Go through the data below and copy it exactly, skipping every picture.

Dataset excerpt:
-=-=-=-=-

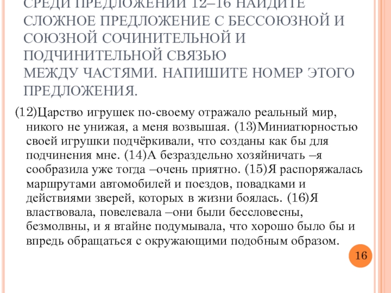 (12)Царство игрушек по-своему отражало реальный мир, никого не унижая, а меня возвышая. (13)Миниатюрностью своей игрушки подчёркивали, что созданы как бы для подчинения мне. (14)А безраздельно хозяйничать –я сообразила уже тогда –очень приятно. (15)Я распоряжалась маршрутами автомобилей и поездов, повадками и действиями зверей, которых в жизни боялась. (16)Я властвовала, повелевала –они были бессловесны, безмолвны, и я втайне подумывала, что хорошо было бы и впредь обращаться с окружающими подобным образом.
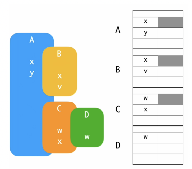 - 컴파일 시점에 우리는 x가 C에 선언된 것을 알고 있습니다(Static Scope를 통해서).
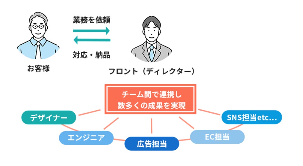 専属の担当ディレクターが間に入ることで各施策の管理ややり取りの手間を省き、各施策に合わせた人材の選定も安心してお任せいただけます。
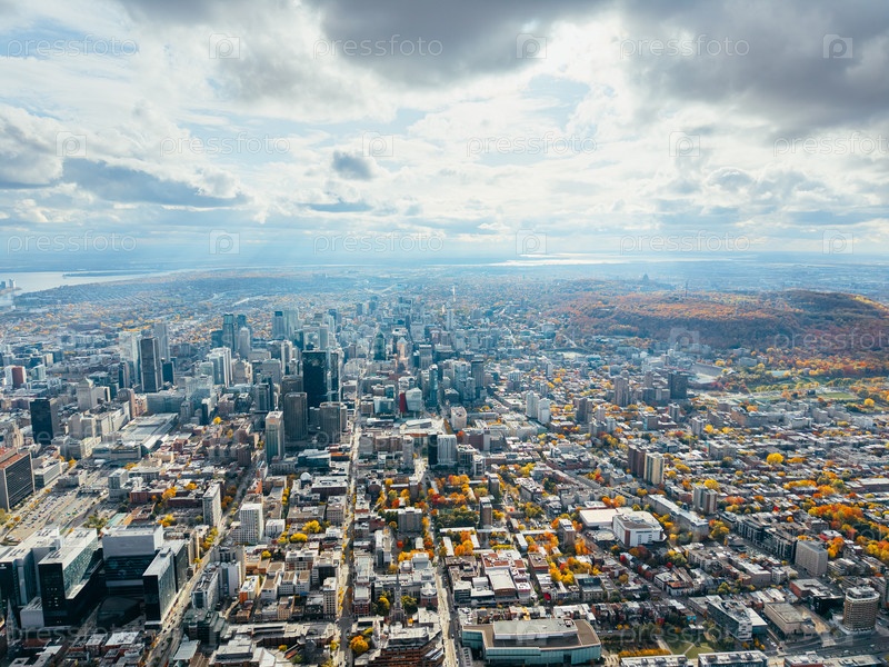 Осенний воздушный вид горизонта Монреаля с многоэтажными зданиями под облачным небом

-=-=-=-=-

Written response:
 (12)Царство игрушек по-своему отражало реальный мир, никого не унижая, а меня возвышая. (13)Миниатюрностью своей игрушки подчёркивали, что созданы как бы для подчинения мне. (14)А безраздельно хозяйничать –я сообразила уже тогда –очень приятно. (15)Я распоряжалась маршрутами автомобилей и поездов, повадками и действиями зверей, которых в жизни боялась. (16)Я властвовала, повелевала –они были бессловесны, безмолвны, и я втайне подумывала, что хорошо было бы и впредь обращаться с окружающими подобным образом.
 - 컴파일 시점에 우리는 x가 C에 선언된 것을 알고 있습니다(Static Scope를 통해서).
 専属の担当ディレクターが間に入ることで各施策の管理ややり取りの手間を省き、各施策に合わせた人材の選定も安心してお任せいただけます。
 Осенний воздушный вид горизонта Монреаля с многоэтажными зданиями под облачным небом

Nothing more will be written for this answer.